Top of Supplied information
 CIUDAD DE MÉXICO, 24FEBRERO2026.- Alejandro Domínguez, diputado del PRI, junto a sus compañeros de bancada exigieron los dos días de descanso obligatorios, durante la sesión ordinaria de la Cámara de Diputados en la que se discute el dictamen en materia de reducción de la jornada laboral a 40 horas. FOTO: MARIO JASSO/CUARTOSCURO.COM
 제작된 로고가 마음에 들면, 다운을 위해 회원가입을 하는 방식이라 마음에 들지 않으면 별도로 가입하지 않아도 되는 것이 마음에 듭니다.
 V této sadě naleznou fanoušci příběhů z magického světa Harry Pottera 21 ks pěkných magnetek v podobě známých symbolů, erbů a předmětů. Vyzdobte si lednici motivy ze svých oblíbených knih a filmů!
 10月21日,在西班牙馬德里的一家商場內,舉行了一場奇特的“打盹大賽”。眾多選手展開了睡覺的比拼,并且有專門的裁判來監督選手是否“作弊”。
Bottom of Supplied information
Top of Supplied information
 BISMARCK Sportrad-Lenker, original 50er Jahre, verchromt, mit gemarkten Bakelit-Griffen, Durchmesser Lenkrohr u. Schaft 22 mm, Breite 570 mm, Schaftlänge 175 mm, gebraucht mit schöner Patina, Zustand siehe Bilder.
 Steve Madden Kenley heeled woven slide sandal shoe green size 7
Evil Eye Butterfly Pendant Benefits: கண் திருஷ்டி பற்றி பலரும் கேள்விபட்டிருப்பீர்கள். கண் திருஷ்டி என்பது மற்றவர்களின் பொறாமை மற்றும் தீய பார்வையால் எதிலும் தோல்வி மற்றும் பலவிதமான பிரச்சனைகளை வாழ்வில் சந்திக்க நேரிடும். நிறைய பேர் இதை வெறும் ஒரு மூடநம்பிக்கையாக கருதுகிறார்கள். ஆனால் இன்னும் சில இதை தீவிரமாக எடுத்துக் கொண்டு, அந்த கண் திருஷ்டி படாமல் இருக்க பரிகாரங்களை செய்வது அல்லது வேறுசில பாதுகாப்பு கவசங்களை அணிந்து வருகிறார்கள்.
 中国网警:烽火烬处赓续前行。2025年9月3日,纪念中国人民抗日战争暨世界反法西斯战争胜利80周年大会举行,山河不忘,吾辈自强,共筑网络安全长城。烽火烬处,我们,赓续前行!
Bottom of Supplied information
__Exercise directions__. There is a run of lines above from the one with "CIUDAD DE MÉXICO, 24FEBRERO2026.- Alejandro" to the one with "10月21日,在西班牙馬德里"; print exactly that run, both ends included, and nothing else.

__Solution__.
 CIUDAD DE MÉXICO, 24FEBRERO2026.- Alejandro Domínguez, diputado del PRI, junto a sus compañeros de bancada exigieron los dos días de descanso obligatorios, durante la sesión ordinaria de la Cámara de Diputados en la que se discute el dictamen en materia de reducción de la jornada laboral a 40 horas. FOTO: MARIO JASSO/CUARTOSCURO.COM
 제작된 로고가 마음에 들면, 다운을 위해 회원가입을 하는 방식이라 마음에 들지 않으면 별도로 가입하지 않아도 되는 것이 마음에 듭니다.
 V této sadě naleznou fanoušci příběhů z magického světa Harry Pottera 21 ks pěkných magnetek v podobě známých symbolů, erbů a předmětů. Vyzdobte si lednici motivy ze svých oblíbených knih a filmů!
 10月21日,在西班牙馬德里的一家商場內,舉行了一場奇特的“打盹大賽”。眾多選手展開了睡覺的比拼,并且有專門的裁判來監督選手是否“作弊”。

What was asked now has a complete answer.